* [Problem statement] Look below for the line that contains "The ‘Notes’ tab" and the line that contains "Bursa’nın Orhangazi ilçesinde", then restate both of them and every line in between, exactly. No picture goes in the copy.

* [Raw data]

--------------------------------------------------

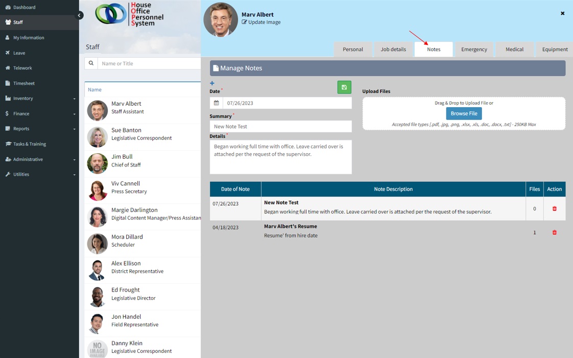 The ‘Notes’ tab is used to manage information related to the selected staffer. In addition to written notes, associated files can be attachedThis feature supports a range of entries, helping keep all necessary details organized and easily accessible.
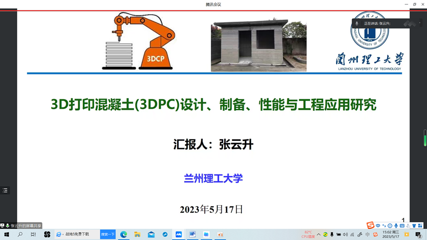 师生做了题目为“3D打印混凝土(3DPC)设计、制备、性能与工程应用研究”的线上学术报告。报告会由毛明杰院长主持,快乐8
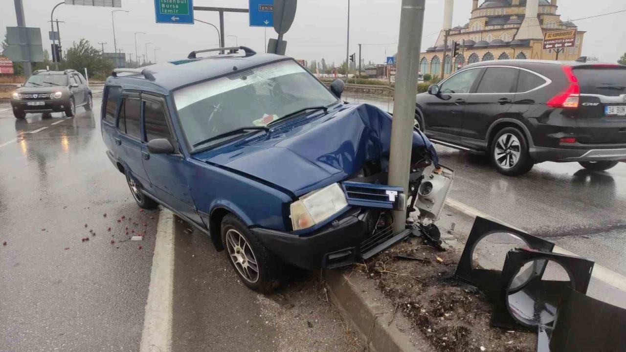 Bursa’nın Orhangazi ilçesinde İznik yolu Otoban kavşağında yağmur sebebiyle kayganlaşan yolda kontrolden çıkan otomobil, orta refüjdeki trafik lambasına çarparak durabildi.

--------------------------------------------------

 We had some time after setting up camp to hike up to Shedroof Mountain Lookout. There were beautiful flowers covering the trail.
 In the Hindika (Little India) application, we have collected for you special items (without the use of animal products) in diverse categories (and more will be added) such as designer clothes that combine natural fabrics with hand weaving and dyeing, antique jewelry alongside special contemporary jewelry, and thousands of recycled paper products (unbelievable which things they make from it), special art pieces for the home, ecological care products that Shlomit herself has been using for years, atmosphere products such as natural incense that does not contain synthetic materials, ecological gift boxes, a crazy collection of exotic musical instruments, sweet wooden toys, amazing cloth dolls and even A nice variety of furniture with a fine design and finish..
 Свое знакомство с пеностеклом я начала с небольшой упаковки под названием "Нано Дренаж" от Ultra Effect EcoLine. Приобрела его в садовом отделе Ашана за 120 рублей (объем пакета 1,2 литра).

--------------------------------------------------

* [Answer to this exercise]
 The ‘Notes’ tab is used to manage information related to the selected staffer. In addition to written notes, associated files can be attachedThis feature supports a range of entries, helping keep all necessary details organized and easily accessible.
 师生做了题目为“3D打印混凝土(3DPC)设计、制备、性能与工程应用研究”的线上学术报告。报告会由毛明杰院长主持,快乐8
 Bursa’nın Orhangazi ilçesinde İznik yolu Otoban kavşağında yağmur sebebiyle kayganlaşan yolda kontrolden çıkan otomobil, orta refüjdeki trafik lambasına çarparak durabildi.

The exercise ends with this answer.